The fight against FIU - the one where 18 Golden Panthers and 13 Hurricanes drew suspensions for their actions - was rock bottom.
``The person that everyone saw ... it's truly not me and that wasn't a good reflection of my character,'' Reddick said days later, looking into a horde of television cameras as he walked onto the same practice field Friday's pro day took place upon to make a public apology.
After getting hurt in that 2005 opener, Reddick had to wait three full years before starting another game for the Hurricanes, but redeemed himself with 75 tackles this season, playing in all 13 games.
The brawl, the knee surgeries, everything negative was finally behind him.

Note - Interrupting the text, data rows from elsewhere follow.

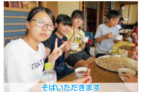
そばいただきます
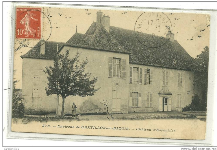
Le château d'Espeilles (à Montapas)
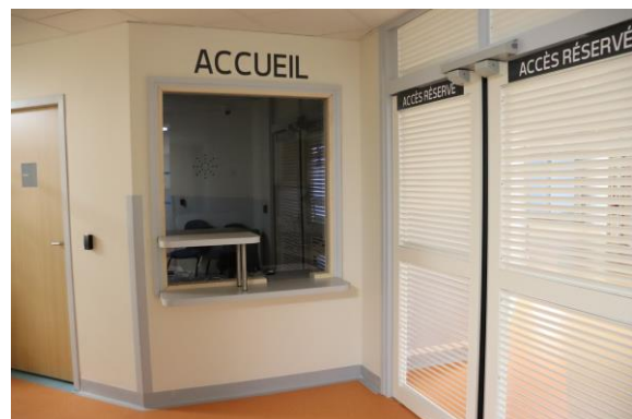
Entrée et accueil des Urgences Hospitalières Psychiatriques de l'EPSM de la Somme
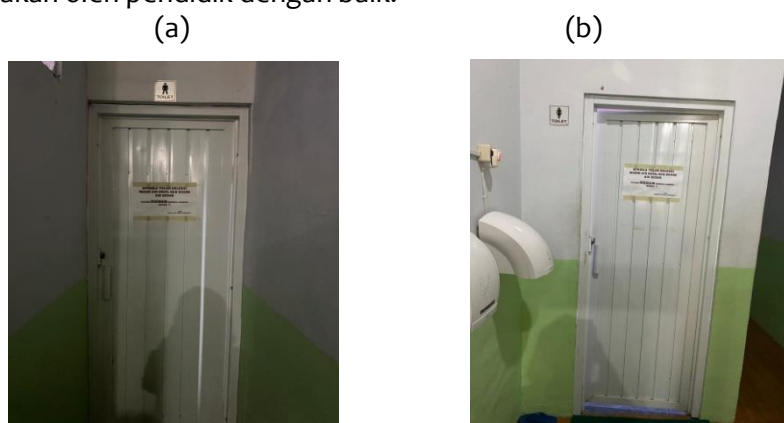
Gambar 1 a) Toilet anak Laki-laki, b) Toilet anak Perempuan

Berdasarkan paparan di atas dapat disimpulkan bahwa pelaksanaan pengenalan peran gender dalam pembelajaran pada anak usia 5-6 tahun di PAUD Al-Kindi Preschool Pangkalpinang sudah dilaksanakan oleh pendidik dengan baik.
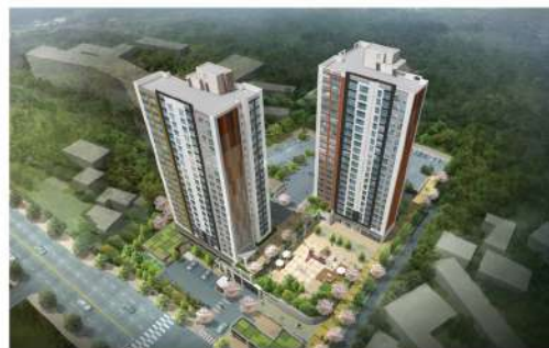
목포용해5 행복주택 16㎡·26㎡·36㎡·44㎡ 총400호
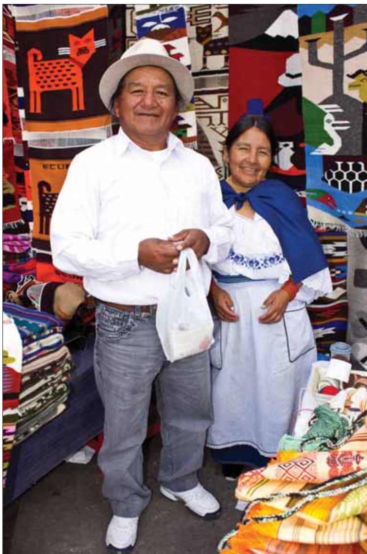
Najviac krásy dokáže žiariť iba z obyčajných ľudí. Na zábere manželský pár z Otavalo.

Keď sa preberám zo spomienok, znova sa ocitám v našom upršanom hlavnom meste na stanici MHD. Je večer, štvrt' na jedenásť. Väčšina čakajúcich sú mladí ľudia. Mlčky, zachmúrení, neusmievajú sa. Možno len zrkadlia slzy neba, ktoré kropia zladovatený chodník i cestu. A medzi nimi stojí jeden pútnik, obyčajný z obyčajných, ktorý si ide znova do sveta po odpoveď, či ľudia, ktorí sa narodili a žijú bližšie k rovníku, majú v srdciach viac slnka, pohody a pokoja. Či my Slováci máme vďaka štyridsiatej deviatej rovnobežke právo na obavy, strachy, náhlenie, závisť, zlobu a večnú nespokojnosť.
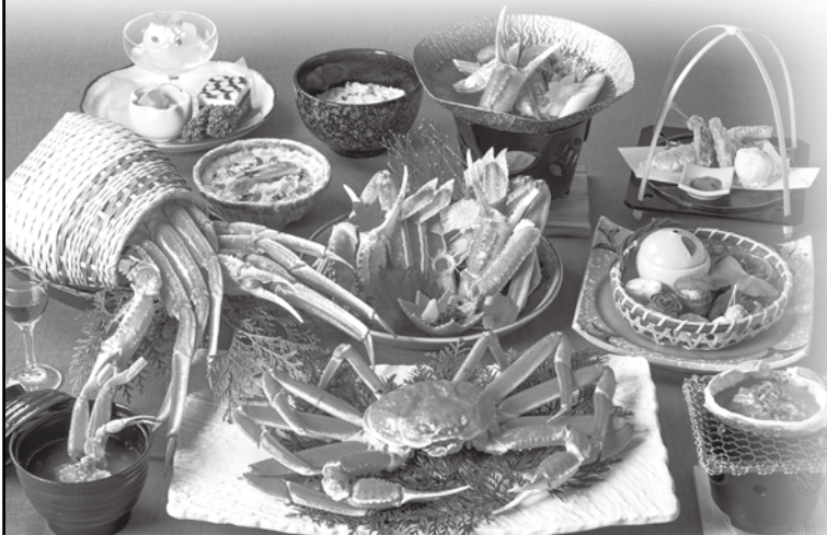
冬の会席料理一例

旬を愛でる会席料理は、当クラブの自慢です。 大勢の組合員さまにご利用いただいております。
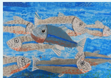
『キレイな色だね』 中村 健吾様
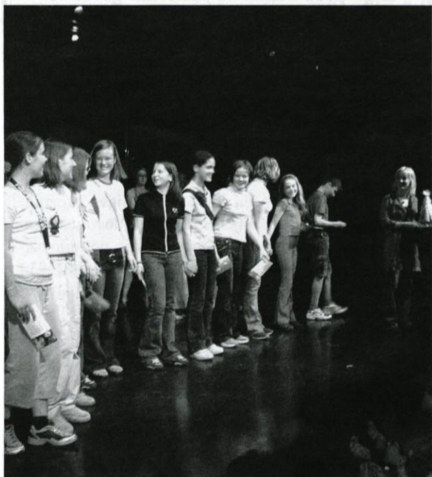
Tudi med najmlajšimi - najboljši.
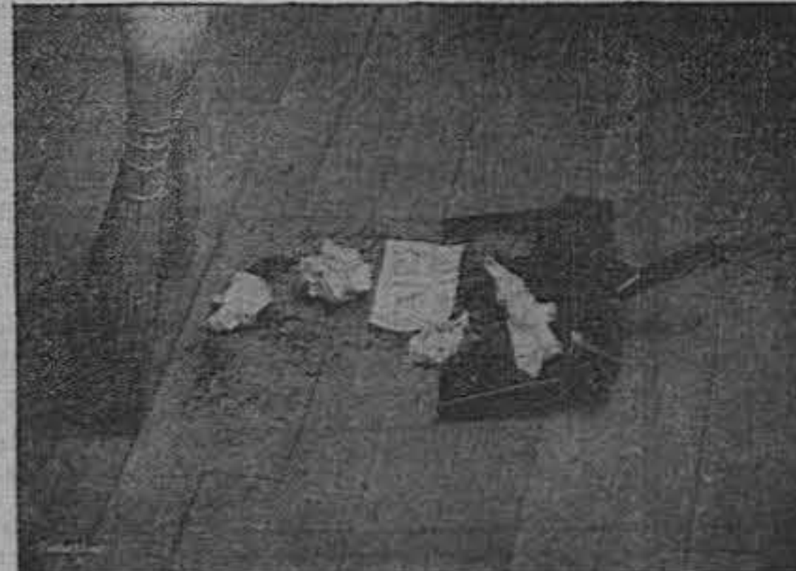
Las notas perdidas

Como curiosidad damos estas dos fotografías que muestran en forma gráfica y verdadera, el fin de los "papelitos" que muchos comerciantes usan para hacer sus Anotaciones de Crédito, Pago, Abono etc.

He worked his way into Miami's good graces again, and knows he'll still likely have to answer for those actions when interviewed by NFL clubs.
``I put myself in those situations, especially the fight. The injuries, I can't do anything about those, but I'll tell them the truth about what happened,'' Reddick said. ``I made a mistake. What I did was wrong. There's nothing else about it. I'm not going to let it bring me down at all. I'm sorry for it, I owned up to it and I moved on with my life.''
Reddick has nothing to hide, and that includes how his knees are feeling. He insists he's never been stronger, even making a facetious offer to jump from a two-story-high balcony after all the scouts trudged off the pro day field.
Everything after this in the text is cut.